23. The learned Counsel for the appellant in CMA No. 1014 of 1995 represented that the insurance company cannot be made liable for 'no fault liability' when it was held that the insurance company is not liable to indemnify the loss of the owner in an application under Section 166 of the Act.
24. In New India Assurance Co., Ltd., Cuddapah v. P. Kishore Kumar, 1994(4) ALT 107, a Division Bench of this Court, relying on a judgment of the Supreme Court in National Insurance Co. Ltd. v, Jethu Ram, 1998 (2) ACJ 921, held that if the insurer is not made liable for compensation in the main case, the insurance company cannot be made liable to pay any amount under 'no fault liability'. The Supreme Court in Jethu Ram (supra) held that the liability under Section 92-A of the Act cannot be fixed on the insurance company, if the Tribunal holds that there is no policy of insurance, and the insurance company is not liable to pay the compensation.

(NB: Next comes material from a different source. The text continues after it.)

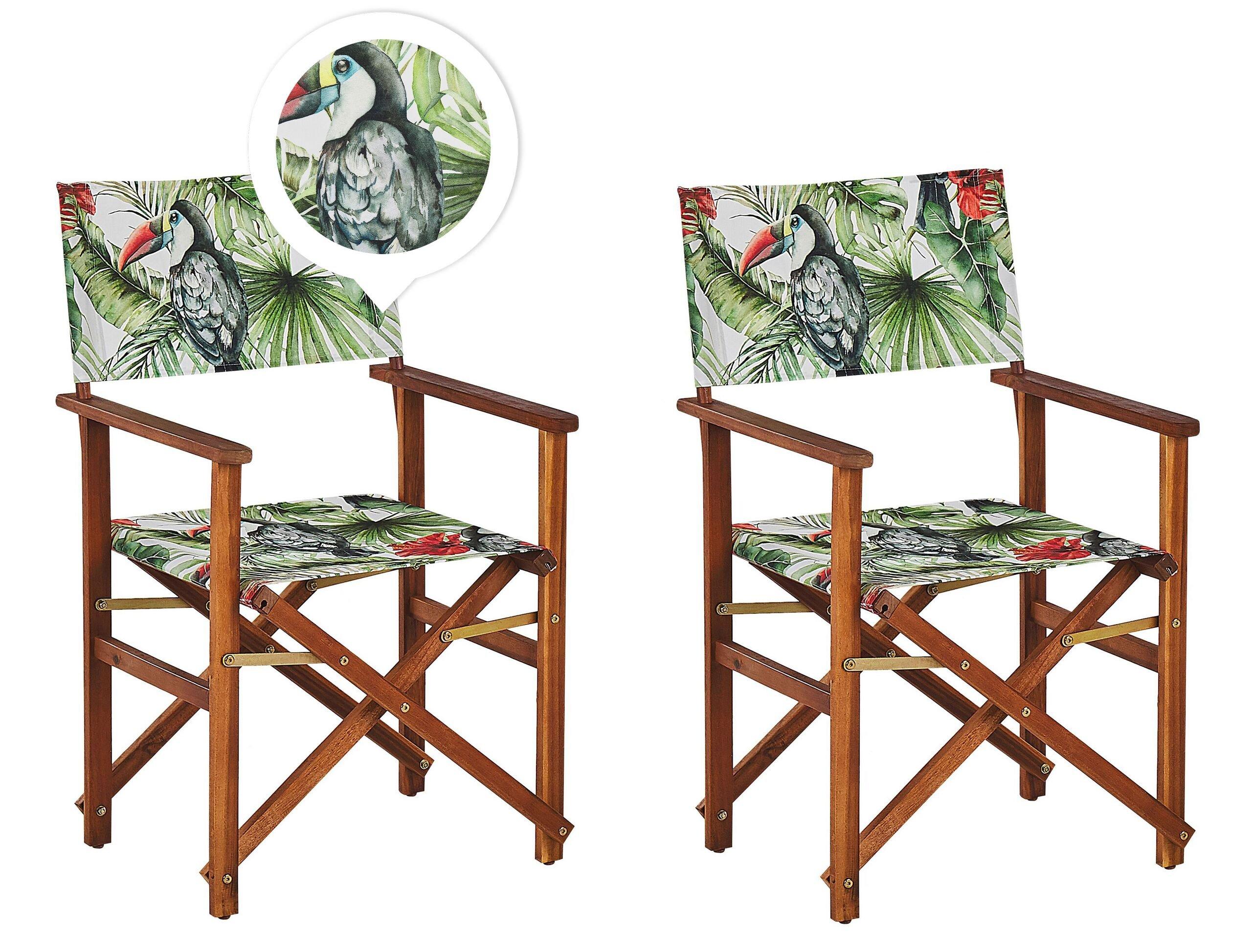 Outdoor-Regiestühle aus Holz mit 2 wechselbaren Stoffbezügen mit Vogelmotiv. Ob im Wohnzimmer oder im Garten platziert – dieses Set wird Ihrem Zuhause garantiert ein Hollywood-Feeling verleihen. Das Gestell ist aus langlebigem und robustem Akazienholz in naturbelassener Ausführung gefertigt, welches den zeitlosen Stil unterstreicht. Im Lieferumfang sind zwei Regiestühle mit jeweils einem Standardbezug in Grau, sowie 2 zusätzliche farbenfrohe Alternativstoffe mit Tukanmotiv enthalten. So haben Sie die Möglichkeit, die Sitzgelegenheiten nach Belieben zu verändern und für Abwechslung zu sorgen. Wenn Sie die Stühle Mal nicht brauchen, können Sie sie leicht zusammenklappen und so Platz sparen.

25. In New India Assurance Co., Vijayawada v. N. Venkata Subbamma, (DB), another Division Bench of this Court held that the insurance company is not liable for payment of compensation under Section 92-A of the Motor Vehicles Act when there was no insurance coverage, as per the terms and conditions of the policy.
26. Therefore, in view of the settled legal position, the order of the Tribunal fixing the liability on the insurance company for 'no fault liability' is liable to be set aside. Point No. 1 is accordingly answered.
Point Nos. 2 and 3:
27. In CMA.No.500 of 1996 the claim petitioner questioned the quantum of compensation on the ground that it is low and prayed for an order to fix the liability of the insurance company for the entire compensation amount.
28. The Tribunal awarded a sum of Rs. 92,000/- towards compensation to the petitioner on account of the death of her son with interest and costs. The Tribunal considered all the aspects while fixing the quantum of compensation. There is no additional material placed by the petitioner to indicate the compelling circumstances under which the compensation is liable to be enhanced. I am therefore not inclined to interfere with the order of the Tribunal regarding the quantum of compensation.
29. The learned Counsel for the appellant in CMA No. 500 of 1996 represented that since the Tribunal held that the insurance company is liable to pay 'no fault liability' compensation, it shall be made liable to pay the entire compensation amount.
30. In view of the foregoing discussion and findings under point No. 1, I do not find any substance in the plea of the appellant-petitioner. Therefore, the request of the claim petitioner to fix the liability on the insurance company for the entire compensation cannot be acceded to.
31. Point Nos.2 and 3 are accordingly answered.
32. In the result, CMA No. 500 of 1996 is dismissed without costs by confirming the order of the Tribunal dated 23-3-1995 in OP No. 187of 1993.
33. CMA No. 1014 of 1995 is allowed by setting aside the order of the Tribunal fixing 'no fault liability' on the appellant-insurance company, but under the circumstances, without costs.